**Prompt**:
In the listing below, locate the line containing "3月15日上午,各界群众、新" and copy it and every line after it through the end, exactly as written, leaving out any pictures.

(Material shown)

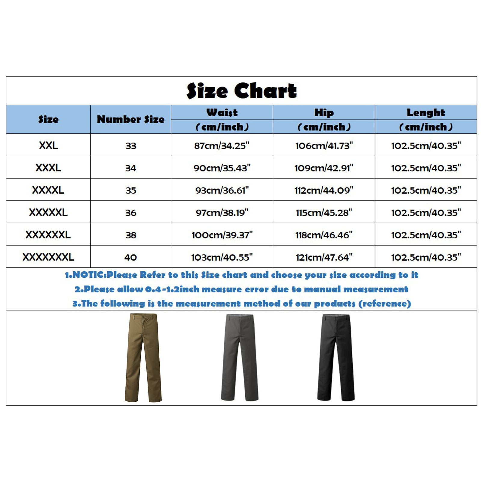 size chart dickies 873
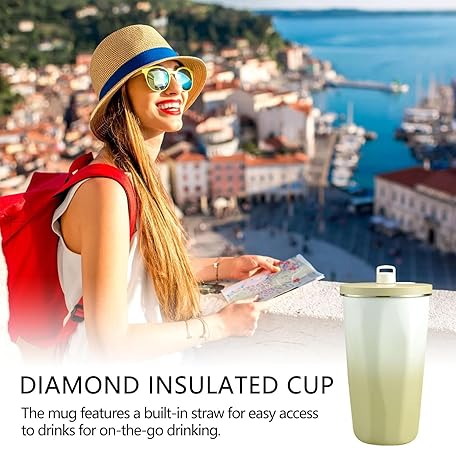 ストロー付きウォータータンブラー | 600L 魔法瓶ウォーターボトル | ステンレス鋼のコーヒーマグとウォーターボトル、目を引くデザイン、耐久性があり、女性と男性向けの漏れ防止 Avfora
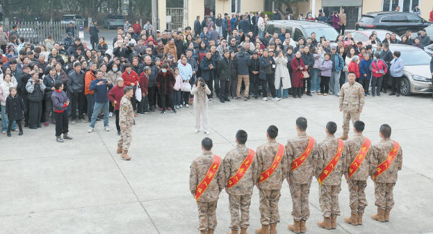 3月15日上午,各界群众、新兵家属齐聚市国防园,欢送入伍新兵,为即将奔赴军营、献身国防的新兵佩戴光荣花,送上殷切期望,共同见证新兵入伍荣耀时刻。
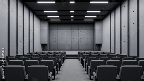 A brutalist movie theater with massive concrete walls sharp lines and a minimalist interior offering a unique cinematic experience
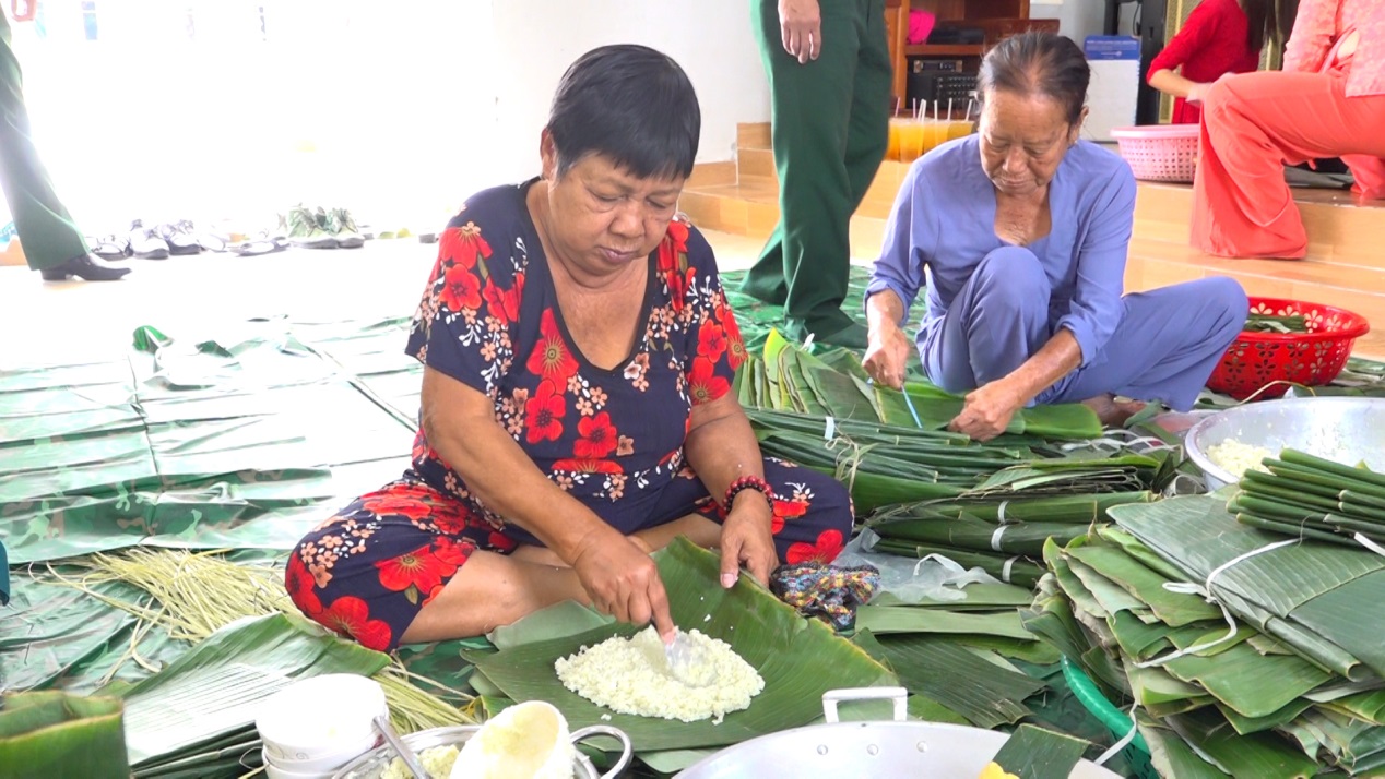 Bí thư Đảng uỷ xã An Phú Quách Tố Giang cùng chị em phụ nữ và chiến sĩ gói bánh tét

(End Material shown)

**Exercise result**:
 3月15日上午,各界群众、新兵家属齐聚市国防园,欢送入伍新兵,为即将奔赴军营、献身国防的新兵佩戴光荣花,送上殷切期望,共同见证新兵入伍荣耀时刻。
 A brutalist movie theater with massive concrete walls sharp lines and a minimalist interior offering a unique cinematic experience
 Bí thư Đảng uỷ xã An Phú Quách Tố Giang cùng chị em phụ nữ và chiến sĩ gói bánh tét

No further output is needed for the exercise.